Hope Ratner and Mary Jane Fales, two of about 2,800 longtime investors in the 103-story tower, filed the lawsuit today in New York State Supreme Court in Manhattan. The plaintiffs, who seek class-action status for their complaint, accuse the managers, Peter Malkin and his son Anthony, of rejecting higher offers for the building, including one for about $500 million more than investors received for their interests.
Empire State Realty Trust Inc., whose properties include the building, sold 71.5 million shares for $13 each on Oct. 1. The sale culminated an almost two-year quest by the Malkins to take the skyscraper and 20 other New York-area properties public, a process marked by battles with longtime investors.
The Malkins “refused to meet with any of the bidders and, to the best of plaintiffs’ knowledge, never had one substantive word of dialog with any of them,” Ratner and Fales said in their filing, which also names Empire State Realty Trust as a defendant.
“These claims are wholly without merit and we will respond to them in court,” Hugh Burns, a spokesman for Empire State Realty Trust at Sard Verbinnen & Co., said in an e-mail.
Of about 2,800 Empire State Building legacy unit holders, a minority challenged the real estate investment trust proposal, preferring to keep a steady income stream and the bragging rights that come with owning a piece of a landmark.
Empire State Realty Trust rose 1 percent to $15 in trading today in New York.
A separate group of investors sued the Malkins last month over claims they deprived thousands of early investors of as much as $410 million in profit when they took the tower public.
Anthony Malkin is chairman and chief executive officer of the new publicly traded company, which owns six other office properties in Midtown Manhattan, including the 55-story One Grand Central Place. Peter Malkin is chairman emeritus.
New York State Supreme Court Justice O. Peter Sherwood in Manhattan in May approved a $55 million settlement of lawsuits over the plan to take the building public, after rejecting a request to intervene in the case by investors opposed to the settlement.
Sherwood in February denied a motion by Ratner, Fales and four other investors to intervene in the case, while allowing them to argue their claim that a provision allowing the buyout of investors who voted against the proposal for $100 was illegal. Sherwood later declared the buyout provision legal, a ruling that the dissenters have appealed.

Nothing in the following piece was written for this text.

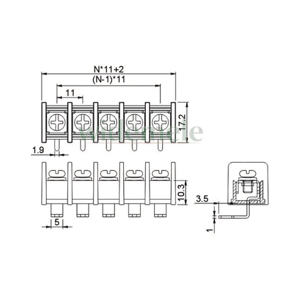 | Description: | PCB Barrier Terminal Blocks, with clear wiring, can connect all types of wires with a cross-sectional area of 0.5mm ² to 70mm ², with a spacing pitch of 6.35-27mm to choose, and can be provided with covered or uncovered styles. The product design complies with international standards such as UL1059 and IEC60947. The commonly used spacing pitch is 6.35 7.62 8.25 9.5mm. The color is usually black. | PIN distance: 6.35 7.62 8.25 9.5mm (02-09P) | Rated voltage/current UL: 300V/30A | Rated voltage/current IEC: 600V/32A | Voltage endurance: AC2500V/Min | Wire diameter: 22-12AWG 0.5-4mm ² | Temperature range: -40 ℃ -+105 ℃ | Tin adhesion: 260+/-5 ℃ | Torque: M4 12.24kgf.cm/1.2N.m/10.53Lb. in | Plastic parts: PA66, flame retardant: V-0 | Cover plate: PC | Plastic color: Black | Screw (steel/nickel plated) | Solder legs: brass plated with tin |

Peter Malkin told an unnamed investor in a voice-mail message after the settlement was approved that the person’s shares would be worth “over $1 million,” as the company was seeking the final votes to proceed with the IPO. The shares were worth less than $700,000 on the first day of trading and remain restricted from being sold under the rules governing the offering, according to the complaint.
In November 2011, one day after the Malkins disclosed their intent to make the Empire State Building part of a REIT, they unilaterally amended its governing documents to add a “poison pill” provision, blocking anyone from acquiring more than 6 percent of its shares, according to the complaint.
“There was no other purpose for the poison pill amendment other than to prevent potentially superior tender offers” for the building’s unit holders, the plaintiffs said in the latest suit.
The 1,453-foot (443-meter) skyscraper was the tallest building in the world until New York’s World Trade Center was built in the 1970s. Its 86th- and 102nd-floor observatories attract about 4 million visitors a year, according to its website.
The case is Ratner v. Malkin, 650029/2014, New York State Supreme Court, New York County (Manhattan).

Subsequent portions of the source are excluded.